To do: Give back, exactly as written, the lines from the first line of the data below through the line with "户型分为A型103.84㎡、B型115.86㎡、C型112.38㎡,三种户型。", and omit the pictures.

Dataset items:
%%
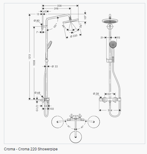 Og så er Hansgrohes Croma 220 Showerpipe oven i købet let at holde ren pga. begge bruseres QuickClean antikalk-funktion og den glatte, rengøringsvenlige bruserslange.
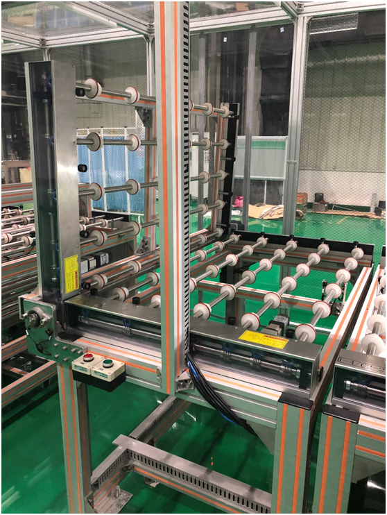 本裝置為太陽能電池生產(chǎn)線中工藝設備與工藝設備連接時的基板傳輸裝置。裝置采用西門子1200控制系統(tǒng)和伺服電機作傳輸動力,精密不銹鋼軸及POM傳輸輪+O型圈進行滾輪方式輸送,并使用反射型光電傳感器識別傳輸基板,與上游連接信號對接,起點傳感器感應到基板電機傳動,到達減速點減速,到達終點停止,未到達相應位置報警,與下游連接信號對接,基板完全脫離終點傳感器電機停止轉(zhuǎn)動,下游有故障,自動停止報警。該傳輸機采用變頻電機翻轉(zhuǎn),空間結(jié)構(gòu)合理,完全達到90°。 |
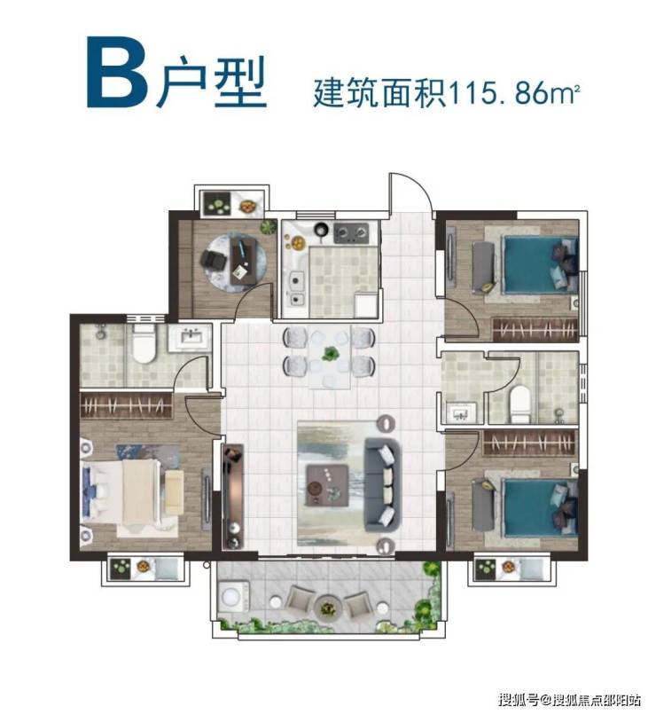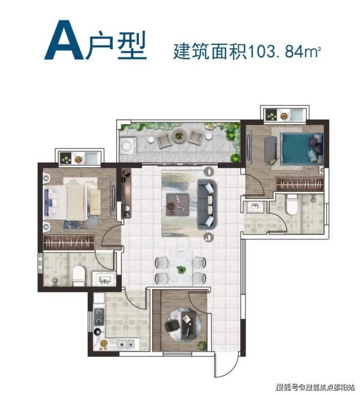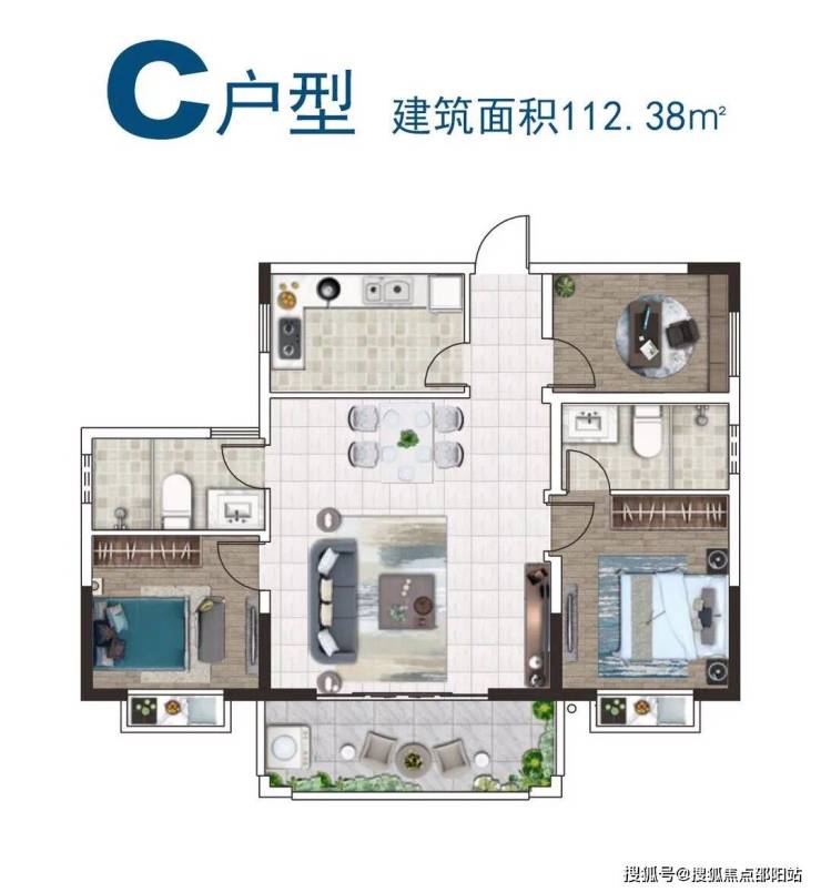 户型分为A型103.84㎡、B型115.86㎡、C型112.38㎡,三种户型。
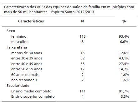 No que diz respeito à formação dos ACSs, a escolaridade predominante foi o ensino médio completo (91,7%). Ainda que tenha se verificado um aumento na escolaridade do brasileiro nos últimos anos, é importante salientar que, com a implantação do Programa Saúde da Família, ampliou-se o papel desses profissionais, com a exigência de novas competências no campo social e político, o que requer um grau de escolaridade mais complexo e abrangente. Marzari, Junges e Selli (2011) destacam a preocupação dos ACSs em relação ao elemento qualificação, pois reconhecem a necessidade de profissionalização como unânime no discurso desses atores. Os autores ressaltam que a profissionalização e a qualificação do ACS é um fator importante na constituição do seu trabalho cotidiano, mas alertam que a dificuldade em criar uma identidade legítima no trabalho pode levá-lo a buscar conhecimentos que se equiparam aos saberes dos outros profissionais da equipe.
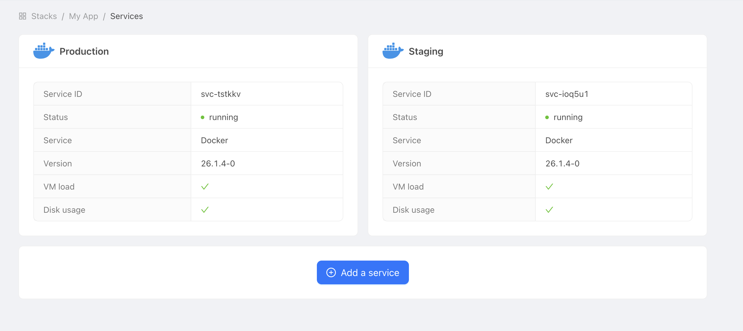 Begin by logging into your Stackhero dashboard and creating two Stackhero services, one for staging and one for production. To help stay organized and minimize errors, you might want to rename these services to "Staging" and "Production".
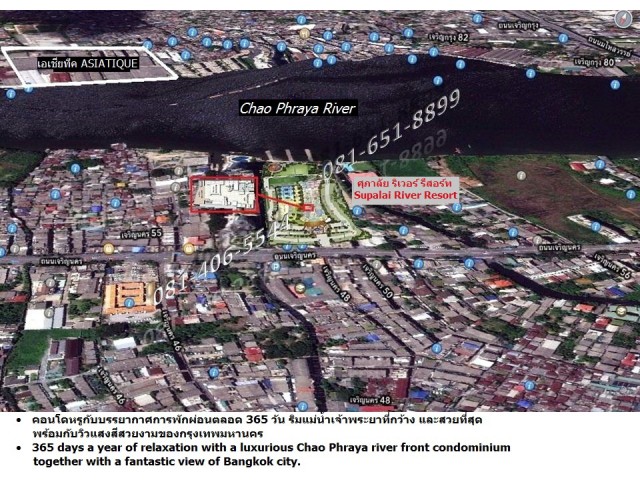 The Unique Architectural design with Modern oriental style of 42-story riverfront Condominium on 12-0-72 rais. with fully equipped facilities.
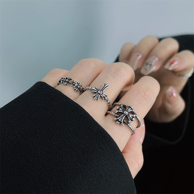 复古十字架戒指男女网红轻奢小众设计个性高级感情侣开口女生指环
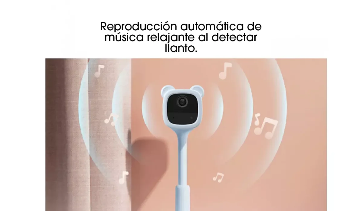 - Al detectar el sonido del llanto, el monitor puede reproducir automáticamente música relajante para calmarle, además los padres pueden hablar a su bebé a través de la cámara como si estuvieran al lado.
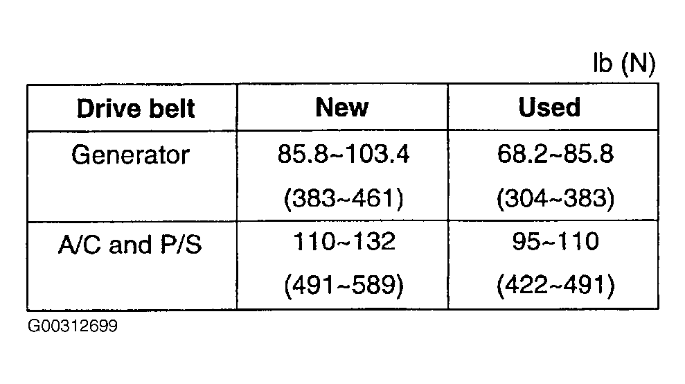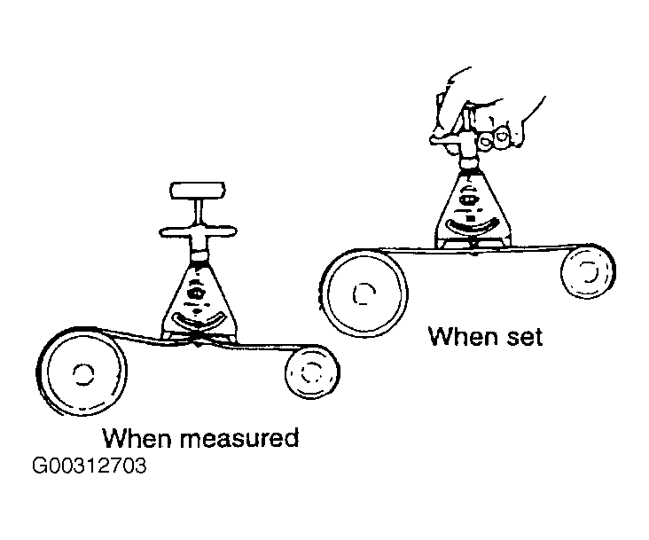 Measure deflection by applying moderate pressure (22 lb [98 N]) midway between pulleys. Adjust if necessary. See
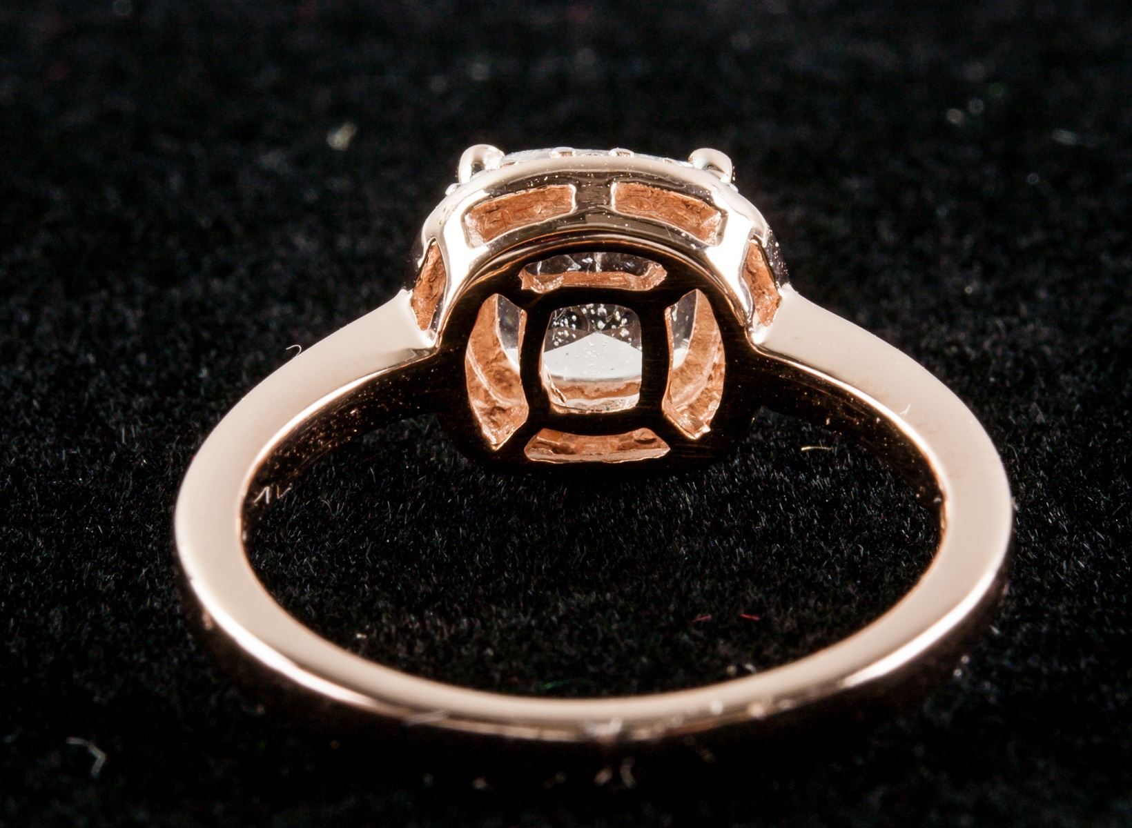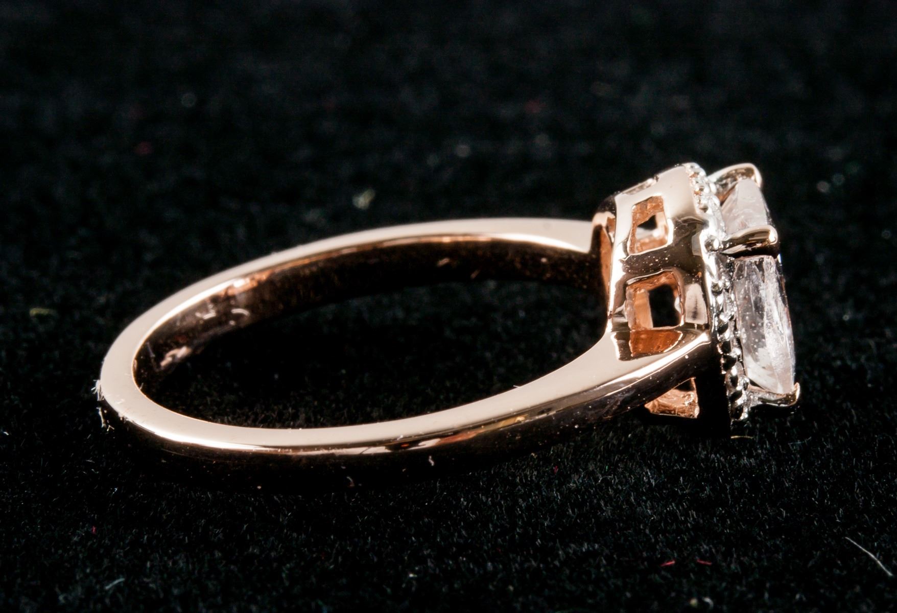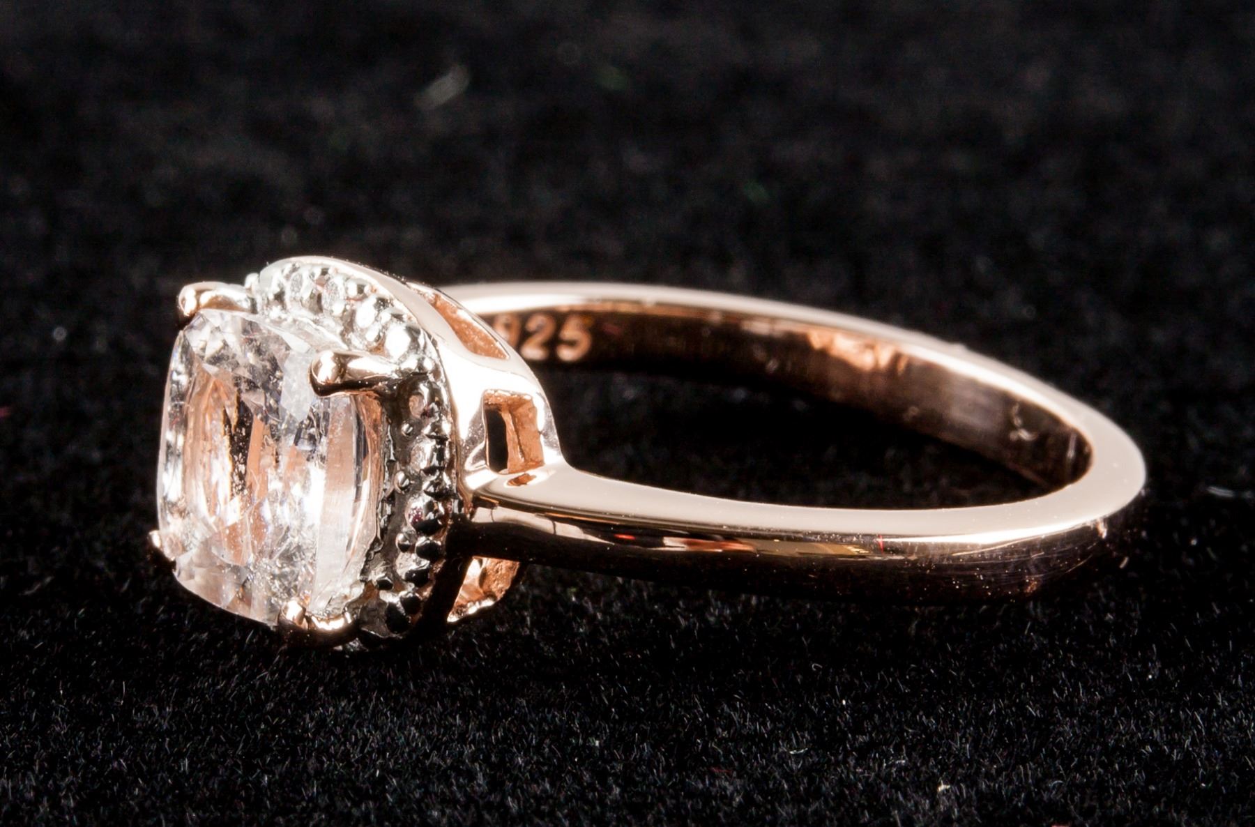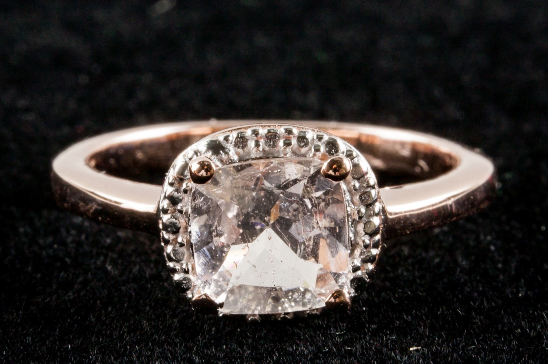 Stamped 925 silver, rose-gold plated ring. Set with square cut morganite. Retail value $300.
%%
Your response:
 Og så er Hansgrohes Croma 220 Showerpipe oven i købet let at holde ren pga. begge bruseres QuickClean antikalk-funktion og den glatte, rengøringsvenlige bruserslange.
 本裝置為太陽能電池生產(chǎn)線中工藝設備與工藝設備連接時的基板傳輸裝置。裝置采用西門子1200控制系統(tǒng)和伺服電機作傳輸動力,精密不銹鋼軸及POM傳輸輪+O型圈進行滾輪方式輸送,并使用反射型光電傳感器識別傳輸基板,與上游連接信號對接,起點傳感器感應到基板電機傳動,到達減速點減速,到達終點停止,未到達相應位置報警,與下游連接信號對接,基板完全脫離終點傳感器電機停止轉(zhuǎn)動,下游有故障,自動停止報警。該傳輸機采用變頻電機翻轉(zhuǎn),空間結(jié)構(gòu)合理,完全達到90°。 |
 户型分为A型103.84㎡、B型115.86㎡、C型112.38㎡,三种户型。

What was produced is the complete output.